Using text featuresΒΆ

DSS provides several builtin ways to handle text features, such as Counts vectorization (See Text variables for more details).

However, for Deep Learning algorithms, you may want to use a Custom preprocessing to build 2-D or 3-D vectors . In that case, you need to write your own processor (See Custom Preprocessing). You can use the TokenizerProcessor provided by DSS:

from dataiku.doctor.deep_learning.preprocessing import TokenizerProcessor

# Defines a processor that tokenizes a text. It computes a vocabulary on all the corpus.
# Then, each text is converted to a vector representing the sequence of words, where each
# element represents the index of the corresponding word in the vocabulary. The result is
# padded with 0 up to the `max_len` in order for all the vectors to have the same length.

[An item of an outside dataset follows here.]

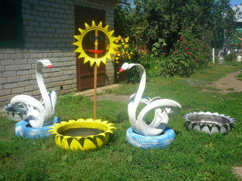 Подбор инструментария. И усердствовать особо не надо. Помните, что клумбы из шин с фото – это воплощенные бюджетные идеи, когда владелец дачного участка пытался проявить себя, показать свое мастерство, создавая из бывшего в употреблении материала новый шедевр. То есть не тратьте много денег на реализацию мечты по созданию клумбы из шин в форме лебедя. Ищите все подходящее в чуланах на чердаках вашего загородного дома или где-то среди хлама гаража.

#   num_words  - maximum number of words in the vocabulary
#   max_len    - length of each sequence. If the text is longer,
#                it will be truncated, and if it is shorter, it will be padded
#                with 0.
processor = TokenizerProcessor(num_words=10000, max_len=32)

With this example, the output for each text will have a (32) shape. Then, this outptut is sent to a textFeature_preprocessed input, so the corresponding input in the model should look like:

input_text = Input(shape=(32), name="textFeature_preprocessed")

See Deep learning for sentiment (text) analysis for a step-by-step example of this in practice.